Approximately 60 minutes baking time for one medium-sized potato is required. Added baking time will be required for additional and/or larger potatoes.
Preheat the oven to 350 degrees F.
Baked Potato Requirements:
A medium-sized baking potato is the best choice for baking. Russet potatoes are the preferred choice of many serious potato bakers due to their crisp skin after baking. The best potatoes of any variety will have an even brownish skin color. It is best to avoid any appearance of green on the potato.
Cooking oil: olive oil or canola oil is generally considered best to use.
A cookie sheet
A sharp knife or fork
A vegetable brush
Give your potatoes the brush: a vegetable brush. Lacking a vegetable brush, a sponge will also do the job. Scrub the potato’s skin and rinse thoroughly, being sure to remove all dirt and any eyes. Use fork or knife to pierce the potato several times in order to release steam during baking. This will help to prevent the potato from cracking. Coat the potato thoroughly with cooking oil. Some people prefer to wrap potatoes in aluminum foil. Technically, this is steaming the potato rather than baking.
In a two rack oven, place the potato directly on the rack. Slide the potato on the second oven rack under the potato. In a one rack oven, place potato directly on the cookie sheet and place inside the oven.

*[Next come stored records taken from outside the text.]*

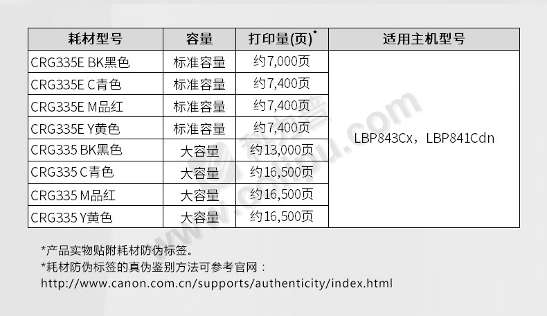 佳能 CANON 硒鼓 CRG-335e C 7400页 (青色)
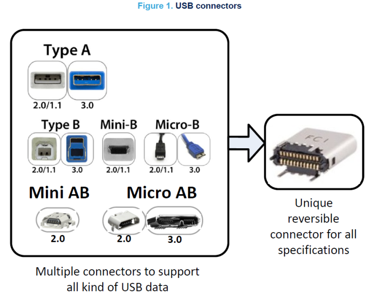 그림 1. USB 커넥터에서 볼 수 있듯이 새로운 USB Type-C® 플러그는 이전 플러그가 제공하는 모든 기능을 포함하여 유연성을 보장하고 애플리케이션을 단순화합니다.
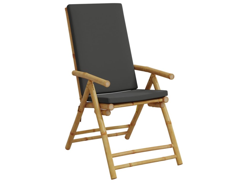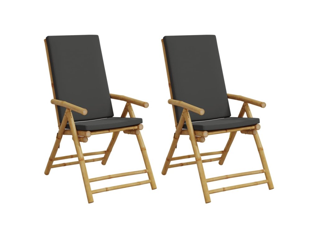 vidaXL Bistro skladacie stoličky 2 ks tmavosivé vankúše bambus
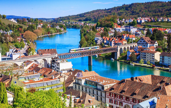 莱茵河从康斯坦斯湖流出,向西流经莱茵河瀑布,并与它的主要支流阿雷河汇合。Aare是莱茵河水量的两倍多,平均水量接近1000米
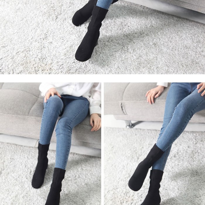 商品名:ストレッチブーツ レディース チャンキーヒール 太ヒール スエード調 2017 秋冬 ファッション 靴 婦人靴
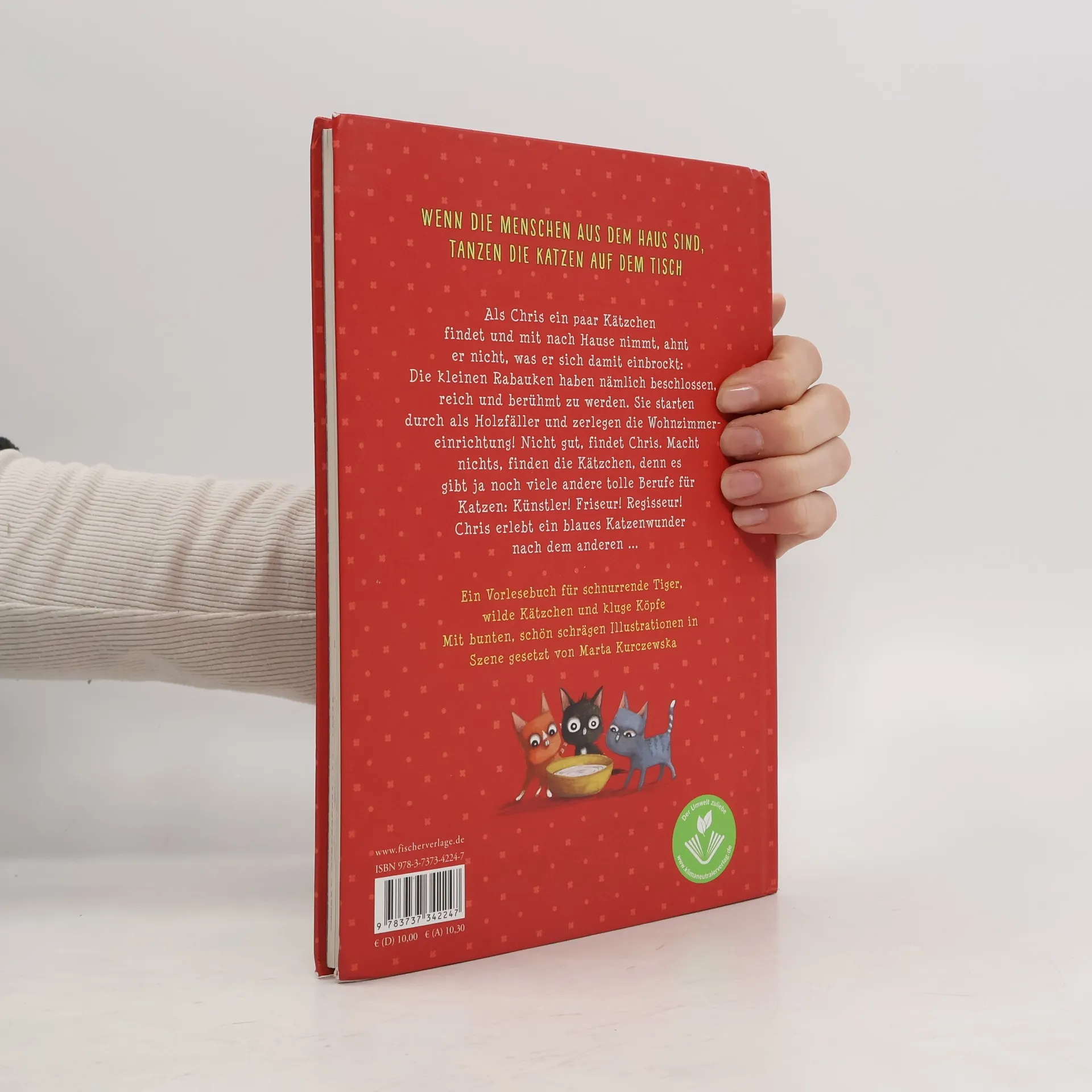 Sind die Menschen aus dem Haus, tanzen die Katzen auf den Tischen ... Als Chris ein paar Kätzchen findet und mit nach Hause nimmt, ahnt er nicht, was er sich damit einbrockt: Die kleinen Rabauken haben nämlich beschlossen, reich und berühmt zu werden. Sie starten durch als Holzfäller und zerlegen die Wohnzimmereinrichtung! Nicht gut, findet Chris. Macht nichts, finden die Kätzchen, denn es gibt ja noch viele andere tolle Berufe für Katzen: Künstler! Friseur! Regisseur! Chris erlebt ein blaues Katzenwunder nach dem anderen ... Ein Vorlesebuch für schnurrende Tiger, wilde Kätzchen und kluge Köpfe. Mit bunten, schön-schrägen Illustrationen in Szene gesetzt von Marta Kurczewska.
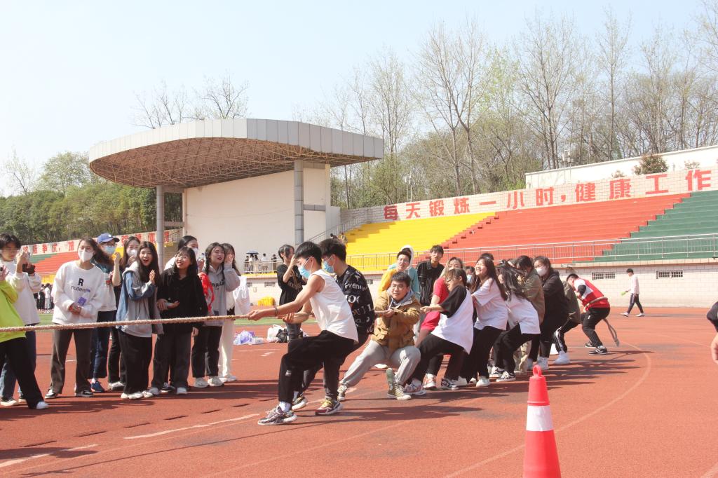 活动伊始,由胡霁芳致开幕辞,胡老师强调本次活动旨在通过一系列团体心理辅导相关的游戏,使同学们能够培养合作精神,增进组织归属感。与传统的运动会不同,本次运动会将竞技与娱乐相结合,着重同学们的参与和合作。趣味运动会上的袋鼠跳跳、两人三足、拔河等比赛项目不仅是团队精神的良好体现,而且兼顾了趣味性和互动性,因此受到了同学们的热烈欢迎。在袋鼠跳跳跳环节,哨声一响,四位同学抓紧袋子同时向前跳,健步如飞,争分夺秒,大家的欢呼声充满着校园。
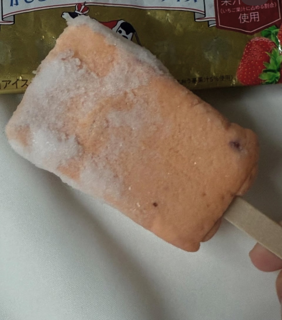 イチゴミルク色のアイスバー一口頂くとねっちりとした食感から甘いイチゴの味、そしてバターのような乳脂肪を感じます。かなり甘めでリッチなアイスバーで満足できます。
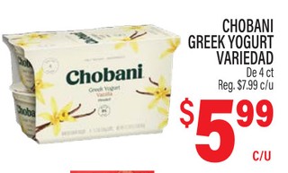 CHOBANI GREEK YOGURT VARIEDAD De 4 ct.
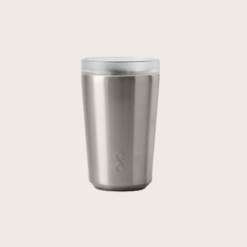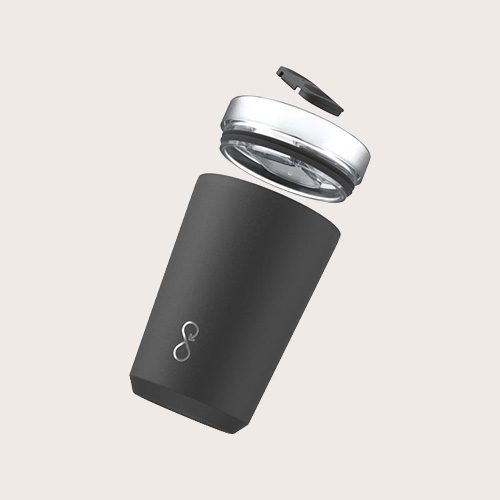 El vaso «Ocean Bottle» de 350 ml tiene aislamiento doble para mantener las bebidas calientes durante cuatro horas y frías durante diez. Cabe perfectamente en la mayoría de las cafeteras, así como en la mayoría de los portavasos de los automóviles. Cada taza de viaje es totalmente neutra en carbono y sirve para financiar la recogida de 1000 botellas de plástico para mejorar los medios de vida en las comunidades costeras. El vaso está fabricado con un 90 % de acero inoxidable reciclado y otros materiales reciclados.
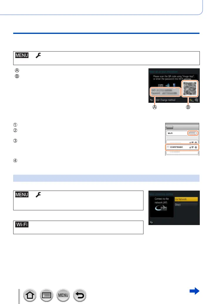 → [Setup] → [Wi-Fi] → [Wi-Fi Function] → [New Connection]
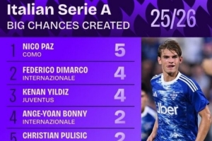 意甲25/26赛季创造重大机会榜:帕斯5次居首,国米三人入选
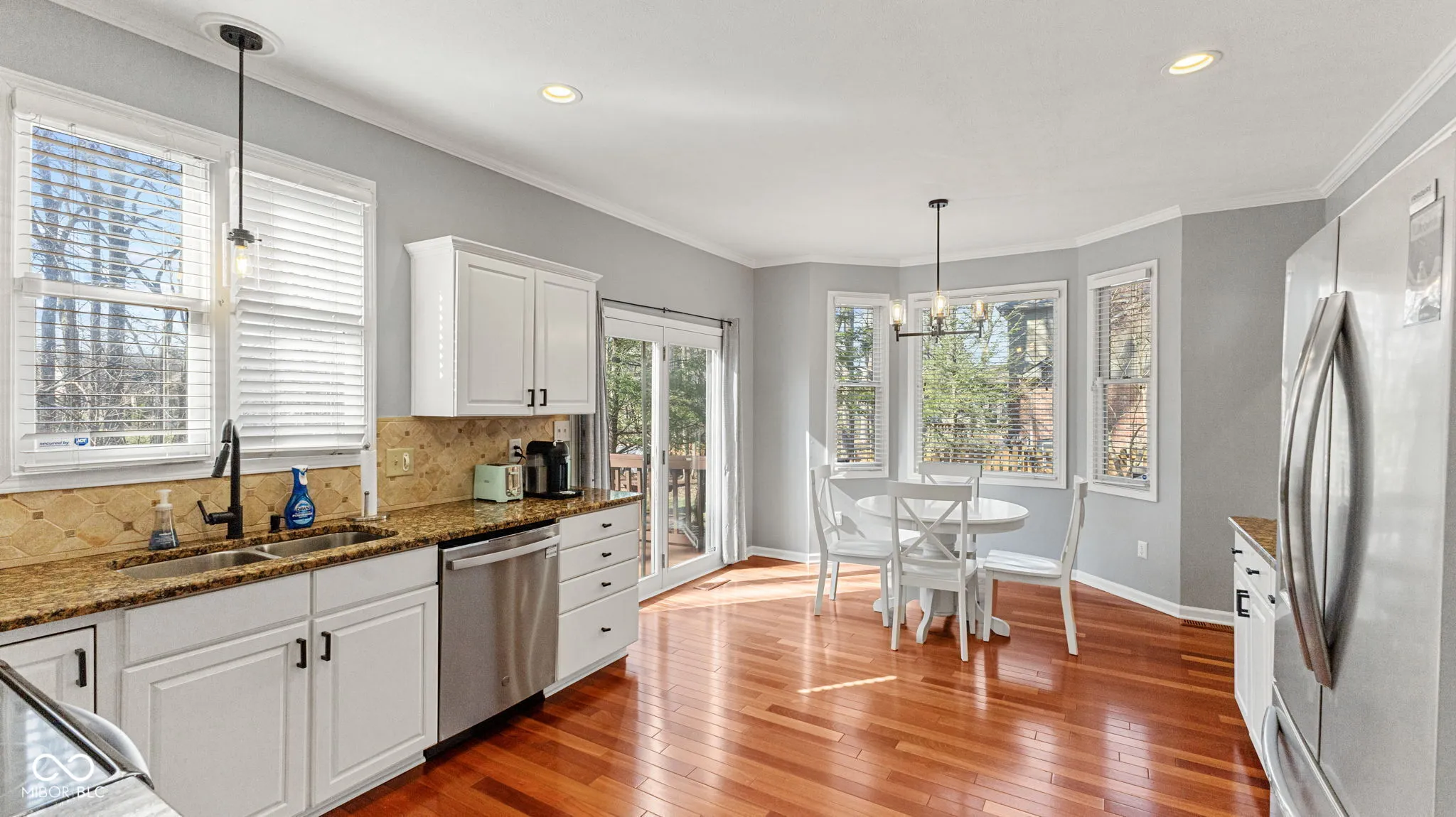 Welcome to the highly sought-after Moorings Community, where this beautifully updated 4-bedroom, 3.5-bath custom-built home with a finished basement sits on a picturesque .41-acre wooded lot with a fenced backyard. Freshly painted with updated fixtures, this home is full of charm and modern upgrades. The great room boasts a cozy fireplace and gleaming hardwood floors. The updated eat-in kitchen features granite countertops, stainless steel appliances, a pantry, and hardwood floors, making it the perfect space for cooking and gathering. The main floor also includes a private office with French doors and built-in shelving, plus a spacious formal dining room-ideal for entertaining. Upstairs, the primary suite is a true retreat with an updated spa-like bath, complete with a soaking tub, a spacious double shower, and two large walk-in closets-one with a charming sitting area. Bedrooms 2 and 3 offer generous closets, while the 4th bedroom/bonus room features double closets for extra storage. An updated hall bath completes the second level. The finished basement is ready for fun and relaxation with brand-new carpet, a full updated bath, a large family room, a bar, a bonus room, and plenty of storage. Additional highlights include an oversized 2-car garage and access to fantastic community amenities, including a pool and tennis courts. Plus, you’re just moments from shopping, dining, and more! Don’t miss your chance to call this incredible home yours-schedule your showing

Bake the potato for thirty to forty minutes. Turn the potato over and continue baking until the potato pierces easily. The skin should be puffy, crisp and golden-brown. The potato will be easy to press in, and contents of the potato should appear fluffy. Be careful in handling or touching any baked potato as they can retain heat for a long time.
Butter, margarine, cheese and added ingredients may be melted/cooked with the potato after the potato has been thoroughly baked.
Microwave Baked Potato
Microwaving potatoes does not consistently produce a baked quality potato. Microwaving also destroys a lot of the potato nutrients in the skin. On the plus side, microwaving is a much faster means to “bake” a potato.
Scrub the potato as has been described for an oven-baked potato. Do not coat the potato in oil. Dry the potato thoroughly. Pierce the potato several times on each side. This will prevent the potato bursting. Wrap the potato in a paper napkin or towel. Microwave the potato for six to eight minutes depending upon size.
When the skin pierces easily without resistance, the potato will be finished cooking. Be careful in handling any hot potato.